> PROBLEM TO WORK ON
Exactly the lines below starting at the line with "TaIYanG Touchpad for" and ending at the line with "建面约111㎡的D户型,3房" are wanted, with both ends included. Leave out the pictures and add no other lines.

(Records from a collection)
________________________________________

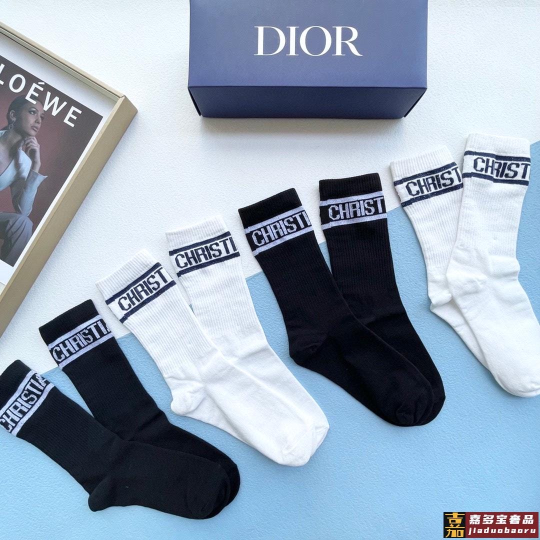 迪奥家新品女款短筒袜子一盒五双纯棉材质上脚柔软舒适经典的家字
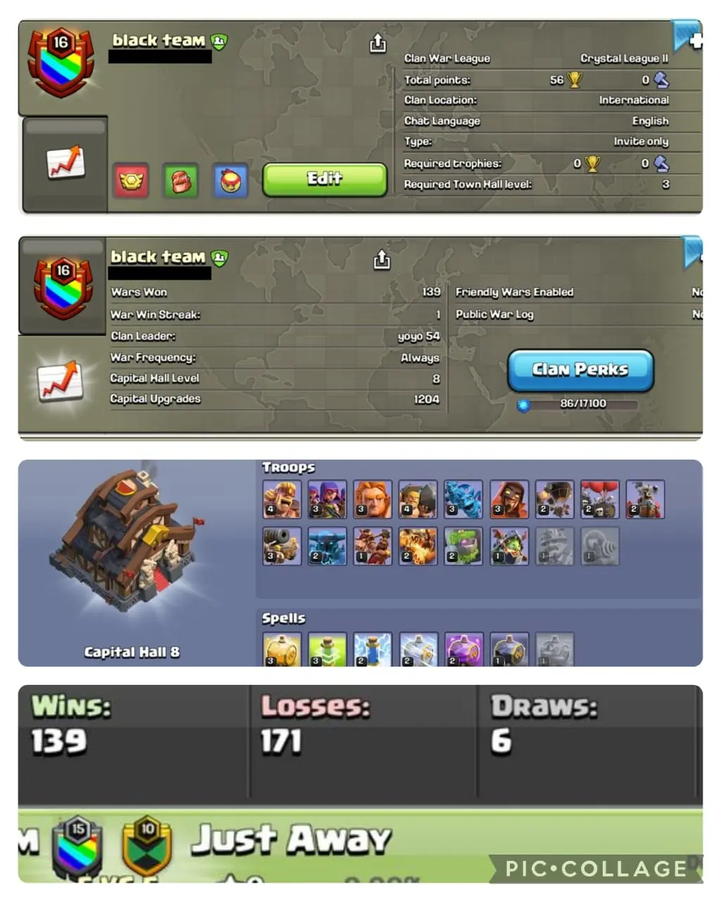 🔥NAME- black team | 💥LVL- 16 |☠️ WARLOG W-L-D: 139-171-6 | CWL LEAGUE : Crystal 2🏆 | CC: Almost 9!!⚡⚡
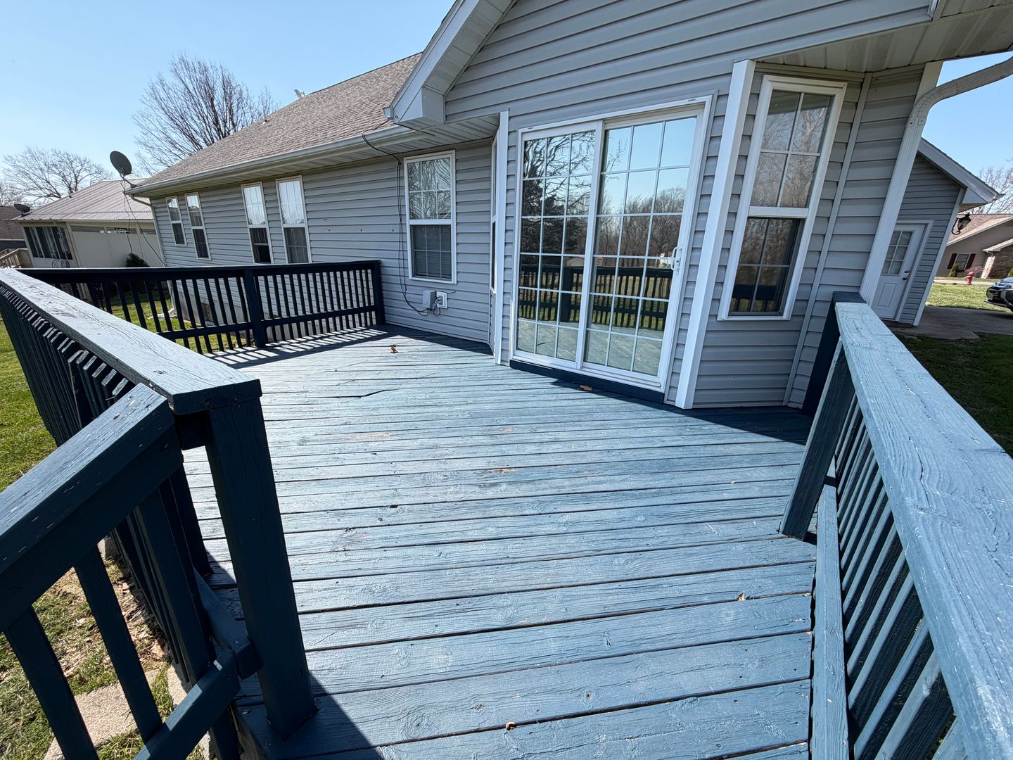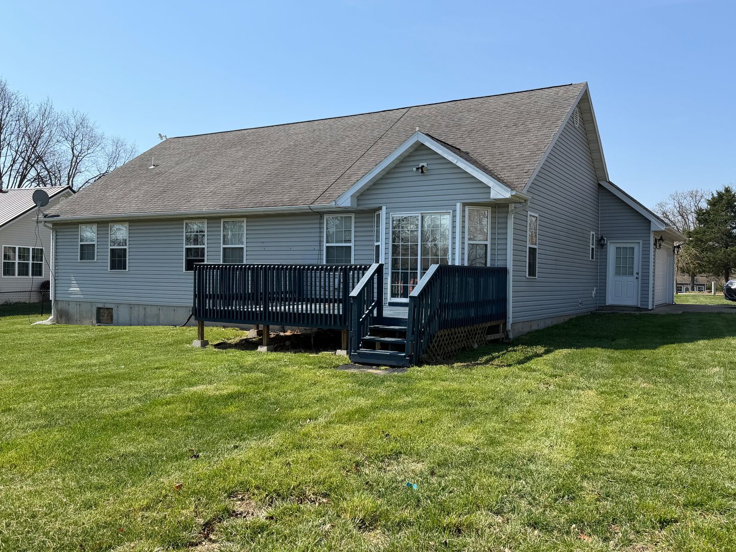 This 4 bedroom 2 bathroom is located in the quiet town of Waynesville, just minutes from Fort Leonard Wood. Enjoy the amenities of this corner lot with a covered front porch, and deck out back. Walk into the living room with carpeted flooring, vaulted ceilings, and lots of natural light and electric fireplace. The kitchen/dining area offers plenty of room for a small breakfast table, with formal dinning space on the other side of the kitchen, with durable ceramic tile flooring. The master bedroom is spacious and the master bath offers his and hers sinks, and a jetted bathtub. The guest bedrooms are carpeted for comfort with plenty of space for friends and family to visit. Additional features include a 480 sq ft (approx) garage that has alot storage space with built in cabinets.
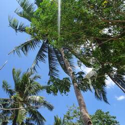 Bem z‘Morge met Ussecht uf‘s Meer und e schöni Felseinsle, eröffnet euse eine vo de Underkunft, dass mer höt ines anders Bungalow, vore am Strand döfe umzieh. Gester heigi si üsi Buechig, wells so spot gsi esch, ned em Compi aglueget und eus drum ines normals Bungalow brocht. Heissa!
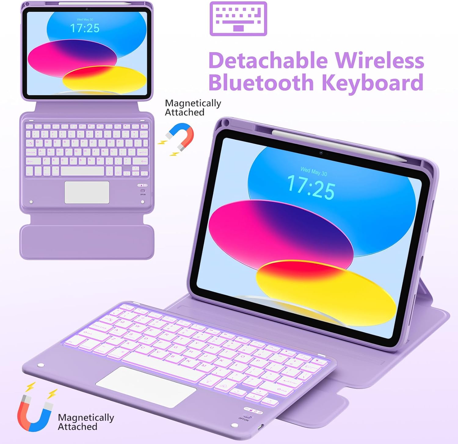 TaIYanG Touchpad for iPad A16 11th/10th Generation Case with Keyboard, 7 Color Backlit 360 Rotation Cover with Pencil Holder,Detachable Keyboard for iPad 11 inch 2025/10th Gen 10.9'' 2022 (Purple)
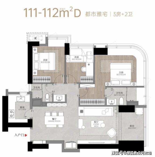 建面约111㎡的D户型,3房2卫,02梯腿折后均价约9.18万/㎡,03梯腿折后均价约9.44万/㎡。
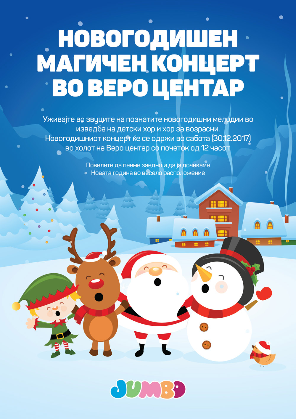 Предновогодишната атмосфера во Веро Центар ќе ја загрее детски хор на кој ќе му се придружи хор од возрасни музичари, при што дел од изведувачите ќе се појават од различни страни на трговскиот центар. Нивниот настап ќе биде придружуван од професионален гудачки оркестар. Сите музичари заедно ќе изведуваат популарни новогодишни композиции кои совршено ќе се вклопат во празничниот амбиент кој изминатиов период владее во Веро Центар. Посетителите на Центарот ќе може да се одморат од празничниот шопинг уживајќи во волшебните звуци на класичната и празничната музика, а во исто време и да поминат забавно време со своите најблиски.
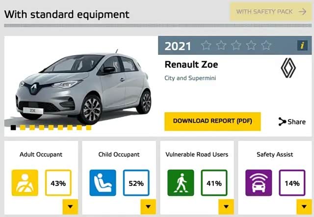 从2013年的“五星安全车”到2021年的安全评级0星,雷诺ZOE曾被指在安全防护上“严重退化”,比如减配头部安全气囊、把通常作为标配的部分主动安全功能(如车道偏离预警、AEB主动刹车)作为选配。
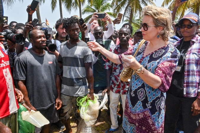 Côte d'Ivoire, Grand Lahou, 05 mars 2024 Sa Majesté la Reine Mathilde de Belgique lors de la mission de l'ONU en Côte d'Ivoire. Voyage en bateau jusqu'à la communauté de pêcheurs de Grand-Lahou. Visite de Grand-Lahou et de son cimetière. Rencontre avec les communautés locales de pêcheurs menacées par la montée du niveau de la mer. Voyage en bateau jusqu'à l'Embarcadère Grand-Lahou avec passage à travers les mangroves. Ivory Coast, Grand Lahou, 05 March 2024 His Majesty Queen Mathilde Belgium during the mission for the UN in Ivory Coast. Travel by boat to fishing community in Grand-Lahou. Visit of Grand-Lahou and its cemetery. Meeting with the local fishing communities threatened by the rising sea levels. Travel by boat to Embarcadère Grand-Lahou with passage through the mangroves. © F.Andrieu / Agencepeps
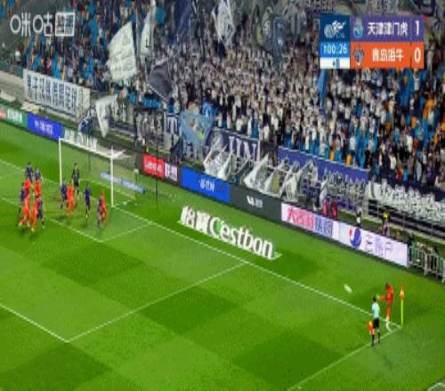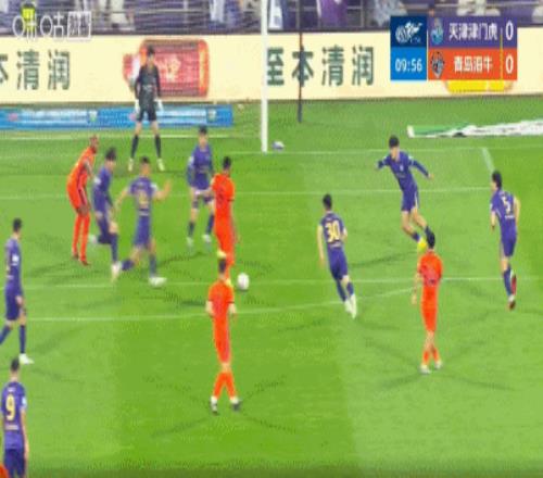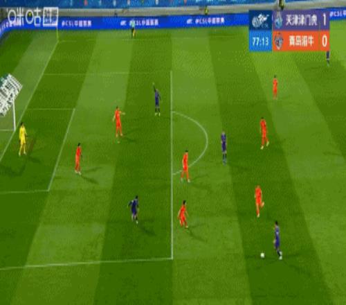 第77分鐘,海牛后衛解圍失誤,謝蒂內打門折射入網,津門虎1-0領先海牛

________________________________________

> RESPONSE BELOW
 TaIYanG Touchpad for iPad A16 11th/10th Generation Case with Keyboard, 7 Color Backlit 360 Rotation Cover with Pencil Holder,Detachable Keyboard for iPad 11 inch 2025/10th Gen 10.9'' 2022 (Purple)
 建面约111㎡的D户型,3房2卫,02梯腿折后均价约9.18万/㎡,03梯腿折后均价约9.44万/㎡。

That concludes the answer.